Documento confidencial do Bradesco BBI vende Celepar como “mina de ouro” para investidores enquanto governo fala em obsolescência

A privatização da Celepar ganhou um novo e revelador capítulo. Um documento confidencial elaborado pelo Bradesco BBI para apresentação a potenciais investidores da Faria Lima contradiz frontalmente o discurso adotado pelo governo de Ratinho Junior para justificar a venda da estatal. Enquanto publicamente o Estado fala em risco de obsolescência tecnológica, o banco apresentou a empresa ao mercado como uma "joia" do setor govtech — lucrativa, estratégica e com forte potencial de crescimento. A revelação foi feita pelo colunista Lauro Jardim, do jornal O Globo.

O material integra o chamado Projeto NEX, nome oficial dado à operação de privatização da companhia de tecnologia do Estado. No documento, a Celepar é descrita com atributos que dificilmente combinam com a narrativa de crise: "fortes vantagens competitivas", "crescimento robusto" e potencial para se tornar a "primeira big tech do Paraná".

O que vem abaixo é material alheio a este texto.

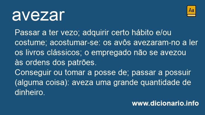 Passar a ter vezo; adquirir certo hábito e/ou costume; acostumar-se: os avôs avezaram-no a ler os livros clássicos; o empregado não se avezou às ordens dos patrões.
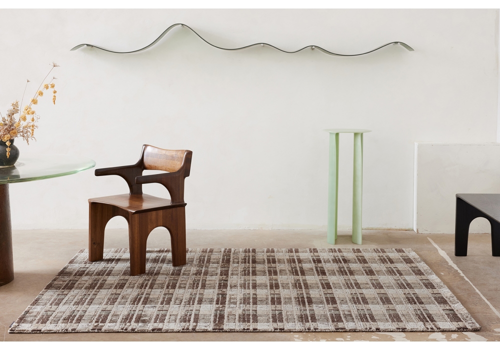 Paolo conçu par Serge Lesage est un tapis tissé à la main en laine et viscose de bambou. Disponible en différentes dimensions.
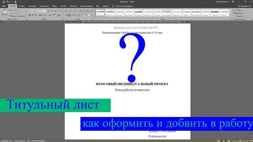 Как сделать титульный лист для индивидуального проекта, проектной работы, реферата, курсовой
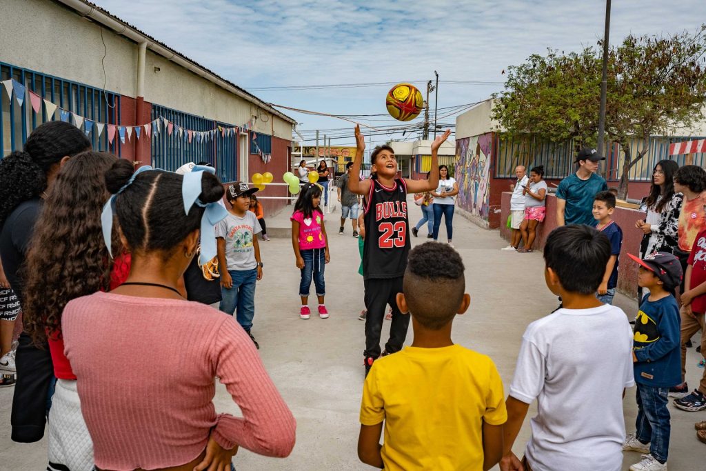 El encuentro ‘tuvo la asistencia de más de 40 niños, niñas y adolescentes de entre 5 y 16 años, tanto chilenos como migrantes, divididos en grupos por rango etario. La primera actividad fue de activación, cuyo fin era que todas y todos -independientes de su edad- se conocieran jugando a la pelota y a los países.
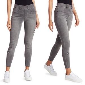 Spanx Gray Distressed Denim Jeans Skinny Pants 20213R Frayed Hem Size Medium
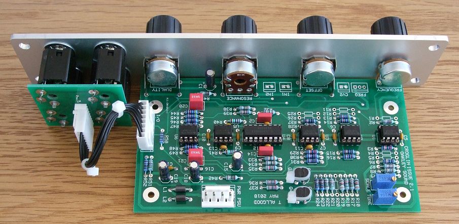 The issue 2.1 Croglin 'Filter Core' VCF as a single width MOTM format module in a natural finish Schaeffer panel. Note also the use of the optional Sock4 socket board to help keep the wiring to the sockets neat and tidy. The empty resistor and header locations are used in the 2U wide full version.
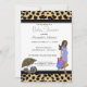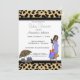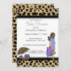 This design features an adorable African-American Mummy-to-be wearing a light purple dress with leopard print accents and leopard print shoes. She is carrying colourful shopping bag and sporting a cute baby bump. There is a pile of coordinated gifts, along with a leopard print umbrella waiting for her in the corner. We have plenty of customisable text for you to add your party information. Leopard print framing along the top and bottom of this trendy baby shower invitation completes the look of this great girly pattern. The reverse side of this invitation has the same leopard pattern. We have matching stamps available too! If you need this design on other products please use the send message feature attached to this store and we will be happy to create that product for you.
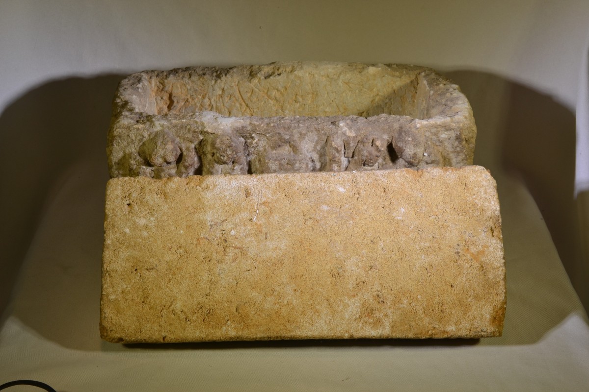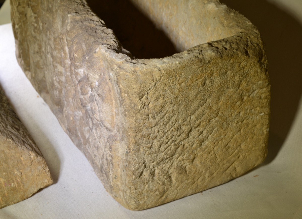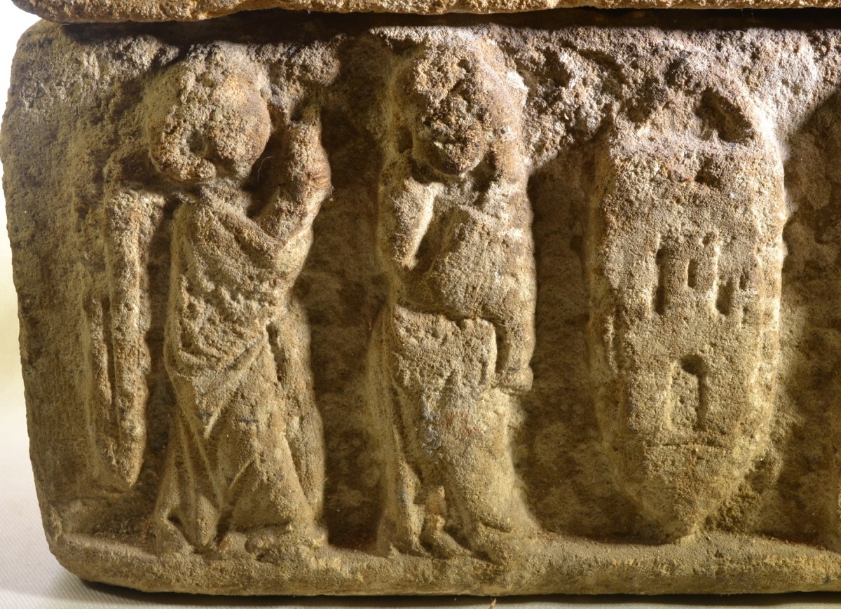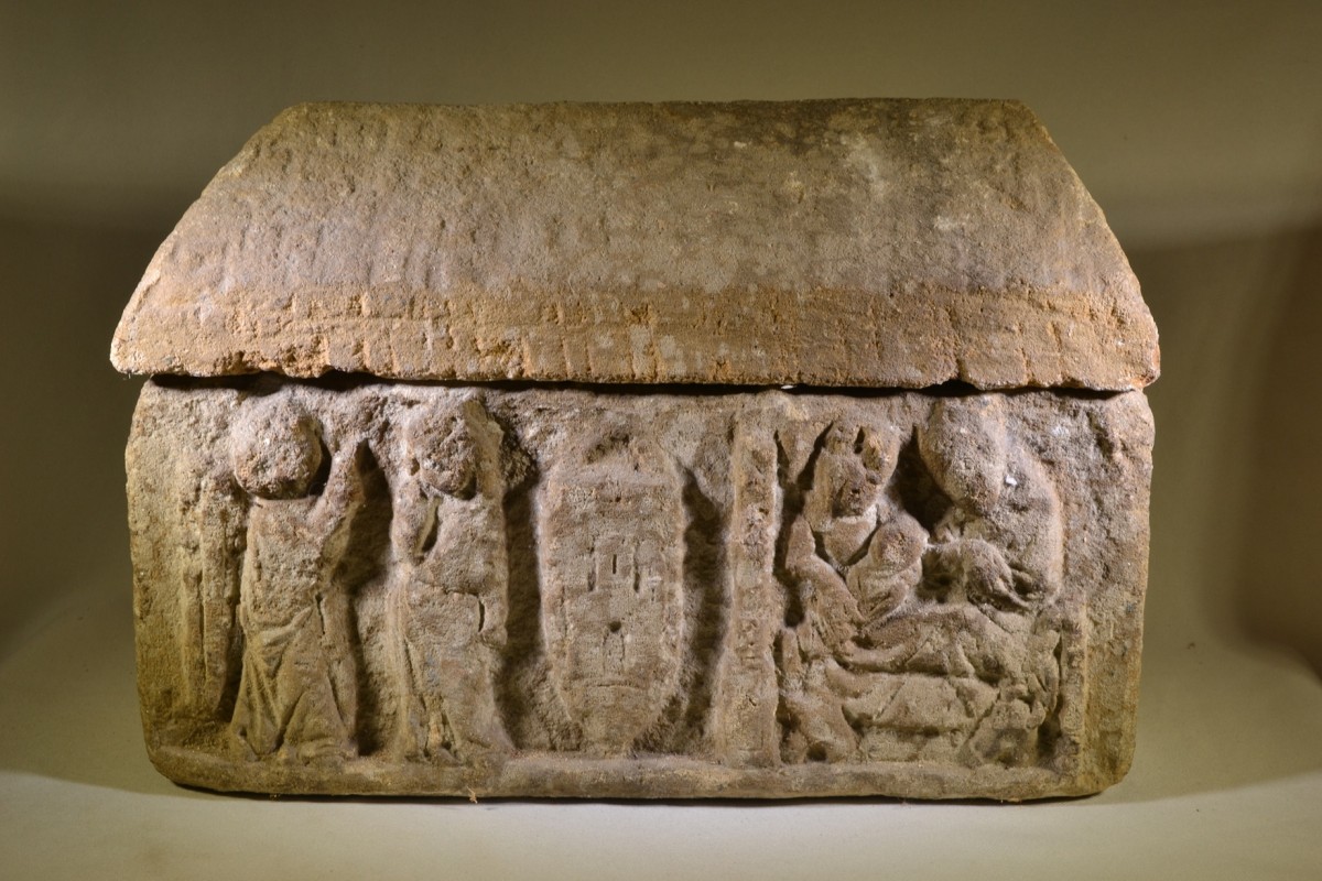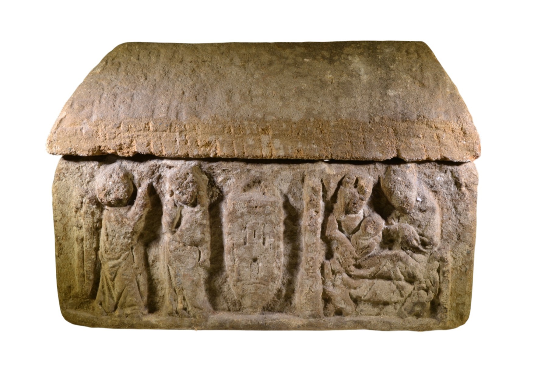 Ce petit coffre à double bâtière ,en pierre tendre sculptée devait servir soit de petit sarcophage soit d'ossuaire. Décor profondément sculpté sur une seule face qui illustre l'annonciation et la natalité. Sont représentés 5 personnages; sur la partie de gauche on distingue Marie allongée "à la romaine" sur une méridienne elle tient dans ses bras l'enfant Jésus qui est entièrement langé par des bandelettes à l'égyptienne, derrière eux Joseph est représenté debout. Sur la partie gauche de la façade l'ange Gabriel annonçant à Marie qu'elle est enceinte. Au milieu la ville représentée par des tours et des murailles est probablement Bethléem. Travail rustique d'un atelier régional roman, toutefois ,l'artiste a su donner vie à tous ses personnages. La pierre utilisée, vue à la loupe est formée par un agglomérat de petits grains de roche parsemés de paillettes brillantes de quartz ou de mica; c'est un grés calcarifère, typique de la Suisse et de la ...
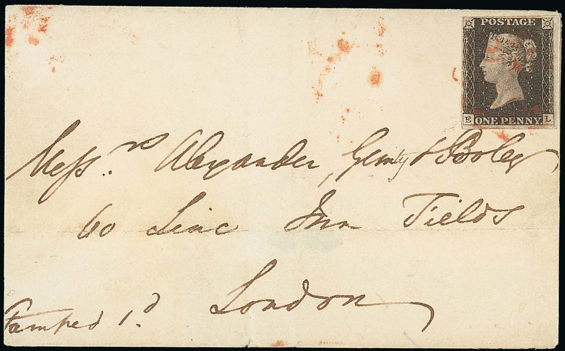 EL good to large margins all round, tied to large part lettersheet (no side flaps) to London by red Maltese Cross cancellation, on reverse Litchfield (?) c.d.s. of 31 May 1840 (Sunday) and arrival of 1 June; horizontal filing fold well clear of the adhesive, fine. R.P.S. Certificate (1984). Specialised AS15tk, £13,000. Photo
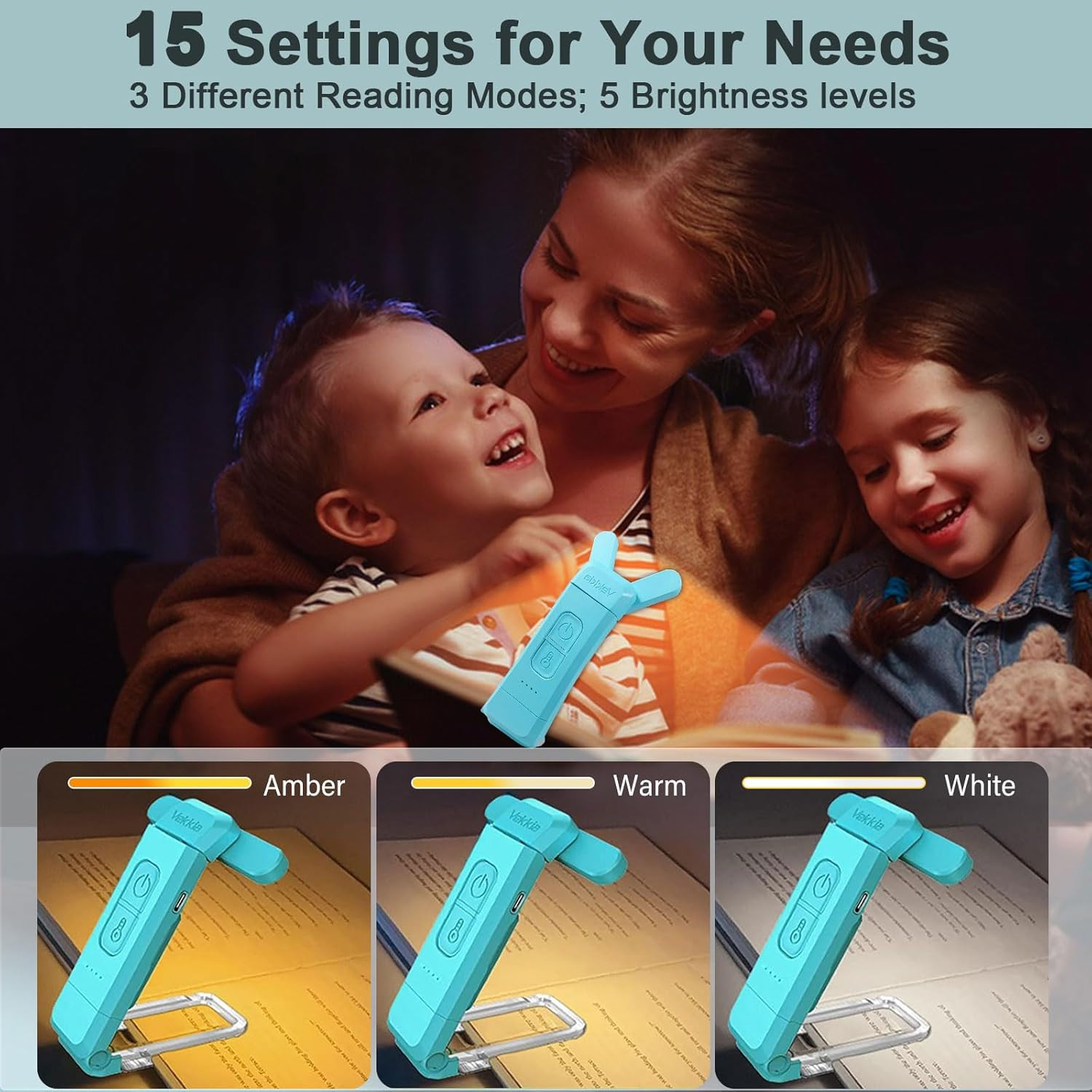 5 BRIGHTNESS DIMMABLE: Vekkia book light has 5 brightness levels and 3 colors available, adjust the brightness from 100% to 20% by long press button to suit different reading environment. Simple switch 3 color modes like amber, white or soft light. You can choose the most suitable bright level and color mode to better protect your eyes.
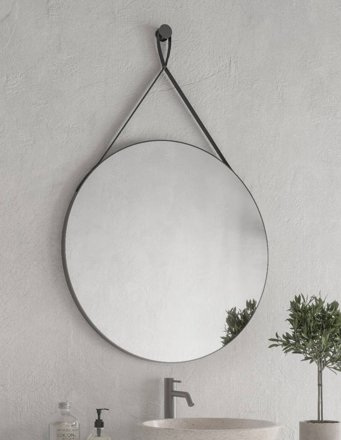 - Espejo redondo con marco de aluminio y colgador de cuero sintético.
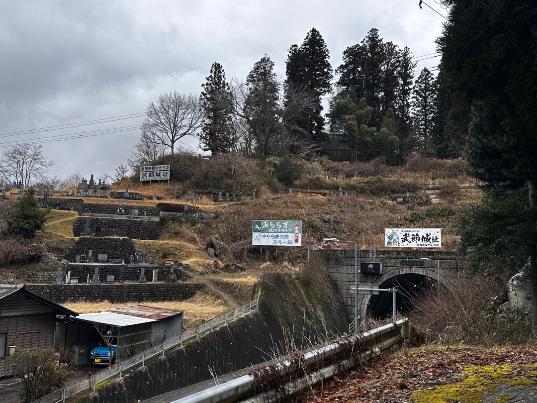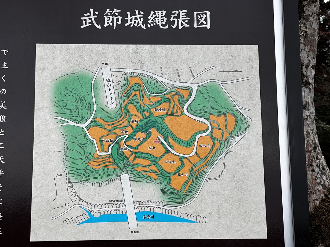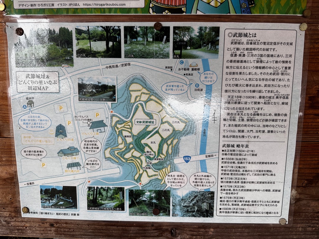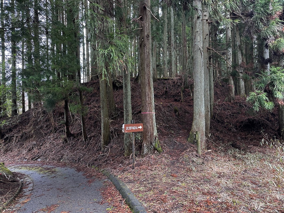 温泉に入る前に、道の駅のお店を見ていたところ、すぐ近くに武田勝頼ゆかりの武節城があることがわかりました。雨も止んだことだし、ちょっと登城することにしました。
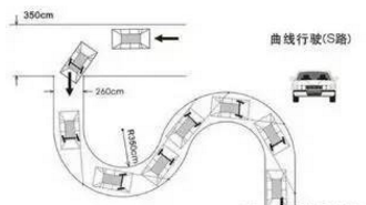 车辆靠近右边行驶,当左车角与右边缘曲线相重合时,方向往左打一圈,微调方向,让左车角始终和右边缘曲线基本重合,保持一定角度沿着S路向左转弯,车子就不会压线或者出线。驶过左弯后将反向转弯。

Números do Projeto NEX — O que o Bradesco BBI mostrou aos investidores
Receita líquida (2025)
R$ 556,9 mi
Balanço oficial da Celepar
Lucro líquido (2025)
R$ 210,7 mi
Resultado recorde da estatal
Margem Ebitda (2024)
30,6%
Considerada elevada no setor
Margem líquida (2024)
26,8%
Superior a empresas comparáveis

O discurso duplo

Para o povo, obsolescência. Para o mercado, big tech

A contradição no centro do debate é direta: o governo do Paraná tem defendido publicamente que a Celepar enfrenta riscos de ficar tecnologicamente ultrapassada e que a entrada da iniciativa privada seria necessária para modernizá-la. Ao mesmo tempo, o Bradesco BBI — banco contratado para conduzir a operação — apresentou aos investidores uma empresa com lucratividade superior à de concorrentes privados do mesmo segmento.

Para a oposição na Assembleia Legislativa do Paraná, a divulgação do conteúdo do Projeto NEX expõe uma narrativa construída para viabilizar politicamente uma privatização que, pelos números, não teria justificativa econômica clara. O líder da oposição, Arilson Chiorato, e a líder da bancada do PT, Ana Júlia Ribeiro, têm questionado reiteradamente a falta de transparência no processo e os riscos ligados à transferência de dados públicos estratégicos para controle privado.


O que está em jogo

Dados de milhões de paranaenses no centro do debate

A Celepar é responsável por sistemas considerados essenciais para a administração pública estadual. Sob seu controle estão informações de milhões de paranaenses nas áreas de saúde, educação, segurança pública, arrecadação tributária e cadastro de servidores estaduais — um conjunto de dados que parlamentares contrários à venda classificam como estratégico e sensível demais para ser repassado à iniciativa privada.

Além da questão dos dados, a oposição também apontou outras irregularidades no processo: condução sigilosa de etapas da privatização, renovação antecipada de contratos bilionários antes do leilão ser concluído e o risco de perda da soberania digital do Estado.


Poder Judiciário

STF já suspendeu o leilão uma vez

O debate chegou ao Supremo Tribunal Federal. Em decisão anterior, o ministro Flávio Dino suspendeu o leilão da Celepar ao apontar a necessidade de garantias mais rígidas para a proteção de dados e para a preservação do controle estatal sobre sistemas considerados estratégicos. O processo segue em aberto.

A divulgação do Projeto NEX amplia o alcance da discussão ao colocar em evidência a diferença entre o que é dito à população paranaense e o que foi apresentado, em caráter confidencial, aos investidores do mercado financeiro.